- **Description of the task**
Look below for the line that has "กระทรวง อว. โดย"; output exactly from it through the line that has "Nutrire la vostra", and leave the pictures out.

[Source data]
▶
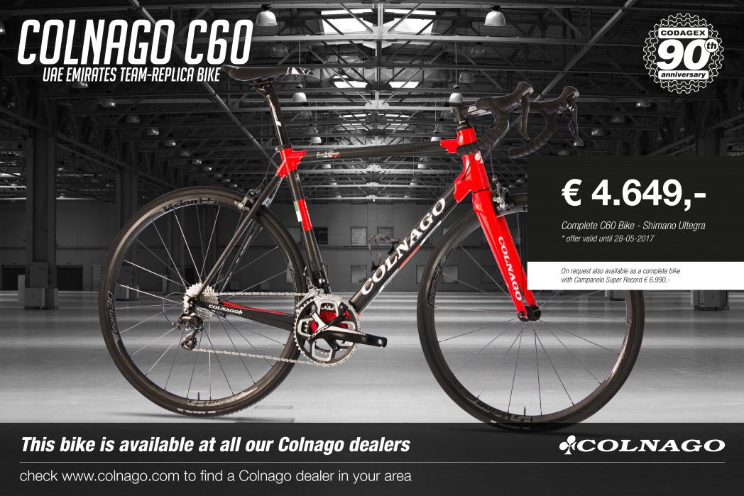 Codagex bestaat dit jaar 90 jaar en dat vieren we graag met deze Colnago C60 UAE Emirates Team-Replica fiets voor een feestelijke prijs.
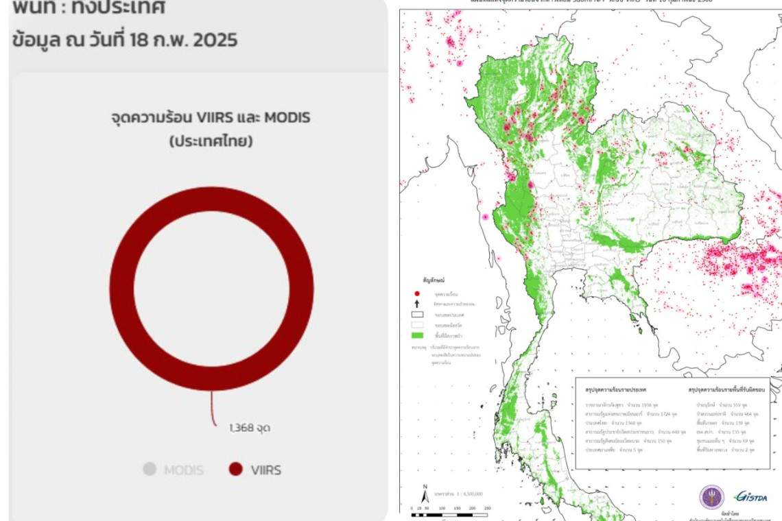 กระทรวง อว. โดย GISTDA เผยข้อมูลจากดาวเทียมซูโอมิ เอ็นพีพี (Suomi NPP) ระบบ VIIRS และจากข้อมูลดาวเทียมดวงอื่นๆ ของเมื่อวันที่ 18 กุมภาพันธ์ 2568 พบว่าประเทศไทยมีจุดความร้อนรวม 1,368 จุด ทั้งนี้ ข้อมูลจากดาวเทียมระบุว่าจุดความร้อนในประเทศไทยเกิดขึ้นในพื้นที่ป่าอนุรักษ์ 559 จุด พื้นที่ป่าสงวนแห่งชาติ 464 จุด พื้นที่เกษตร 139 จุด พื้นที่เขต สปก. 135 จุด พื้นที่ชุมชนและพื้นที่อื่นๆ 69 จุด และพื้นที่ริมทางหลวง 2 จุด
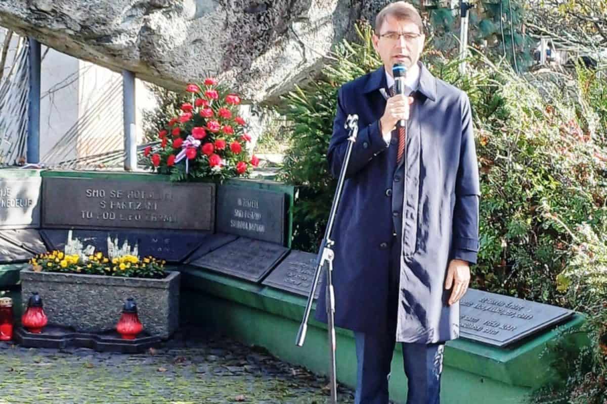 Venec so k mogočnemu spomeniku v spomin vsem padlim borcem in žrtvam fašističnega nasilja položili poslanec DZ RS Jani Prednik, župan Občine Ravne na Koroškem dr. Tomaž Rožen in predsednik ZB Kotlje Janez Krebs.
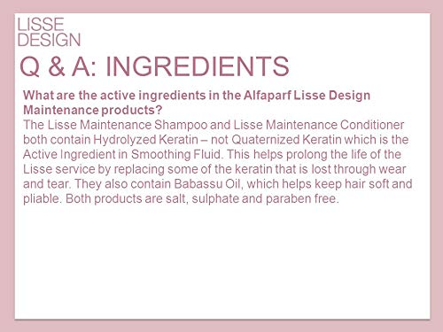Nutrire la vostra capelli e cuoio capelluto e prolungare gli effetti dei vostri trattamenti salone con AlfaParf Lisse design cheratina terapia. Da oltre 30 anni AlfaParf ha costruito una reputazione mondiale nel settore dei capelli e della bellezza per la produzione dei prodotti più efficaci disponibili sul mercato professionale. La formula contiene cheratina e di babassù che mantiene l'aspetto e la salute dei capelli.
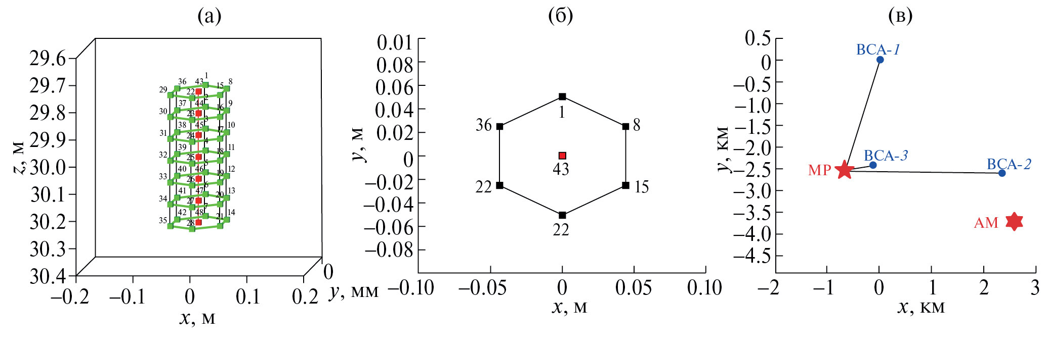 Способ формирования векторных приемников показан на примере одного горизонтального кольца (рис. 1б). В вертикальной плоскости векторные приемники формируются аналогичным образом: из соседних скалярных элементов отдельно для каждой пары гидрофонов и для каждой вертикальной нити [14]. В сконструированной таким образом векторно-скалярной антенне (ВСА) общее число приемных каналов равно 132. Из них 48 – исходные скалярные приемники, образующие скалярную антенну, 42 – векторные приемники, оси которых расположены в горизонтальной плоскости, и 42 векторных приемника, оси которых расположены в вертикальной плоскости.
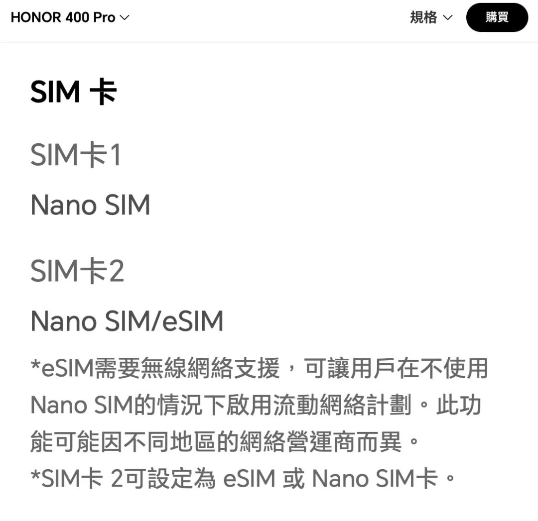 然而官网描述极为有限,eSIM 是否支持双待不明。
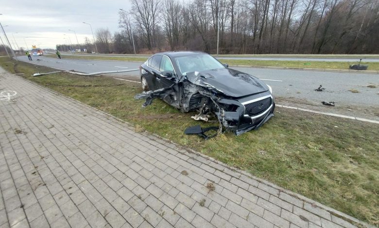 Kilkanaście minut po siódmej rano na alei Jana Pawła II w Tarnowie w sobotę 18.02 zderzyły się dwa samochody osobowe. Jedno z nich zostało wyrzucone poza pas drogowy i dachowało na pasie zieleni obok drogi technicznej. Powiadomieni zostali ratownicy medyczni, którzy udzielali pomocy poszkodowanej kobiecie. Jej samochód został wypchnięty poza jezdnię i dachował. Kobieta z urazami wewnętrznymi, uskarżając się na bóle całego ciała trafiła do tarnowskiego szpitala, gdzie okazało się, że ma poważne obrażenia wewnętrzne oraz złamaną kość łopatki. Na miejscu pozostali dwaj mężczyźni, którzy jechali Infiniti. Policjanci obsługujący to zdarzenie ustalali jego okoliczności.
◀
- **Problem solution**
 กระทรวง อว. โดย GISTDA เผยข้อมูลจากดาวเทียมซูโอมิ เอ็นพีพี (Suomi NPP) ระบบ VIIRS และจากข้อมูลดาวเทียมดวงอื่นๆ ของเมื่อวันที่ 18 กุมภาพันธ์ 2568 พบว่าประเทศไทยมีจุดความร้อนรวม 1,368 จุด ทั้งนี้ ข้อมูลจากดาวเทียมระบุว่าจุดความร้อนในประเทศไทยเกิดขึ้นในพื้นที่ป่าอนุรักษ์ 559 จุด พื้นที่ป่าสงวนแห่งชาติ 464 จุด พื้นที่เกษตร 139 จุด พื้นที่เขต สปก. 135 จุด พื้นที่ชุมชนและพื้นที่อื่นๆ 69 จุด และพื้นที่ริมทางหลวง 2 จุด
 Venec so k mogočnemu spomeniku v spomin vsem padlim borcem in žrtvam fašističnega nasilja položili poslanec DZ RS Jani Prednik, župan Občine Ravne na Koroškem dr. Tomaž Rožen in predsednik ZB Kotlje Janez Krebs.
Nutrire la vostra capelli e cuoio capelluto e prolungare gli effetti dei vostri trattamenti salone con AlfaParf Lisse design cheratina terapia. Da oltre 30 anni AlfaParf ha costruito una reputazione mondiale nel settore dei capelli e della bellezza per la produzione dei prodotti più efficaci disponibili sul mercato professionale. La formula contiene cheratina e di babassù che mantiene l'aspetto e la salute dei capelli.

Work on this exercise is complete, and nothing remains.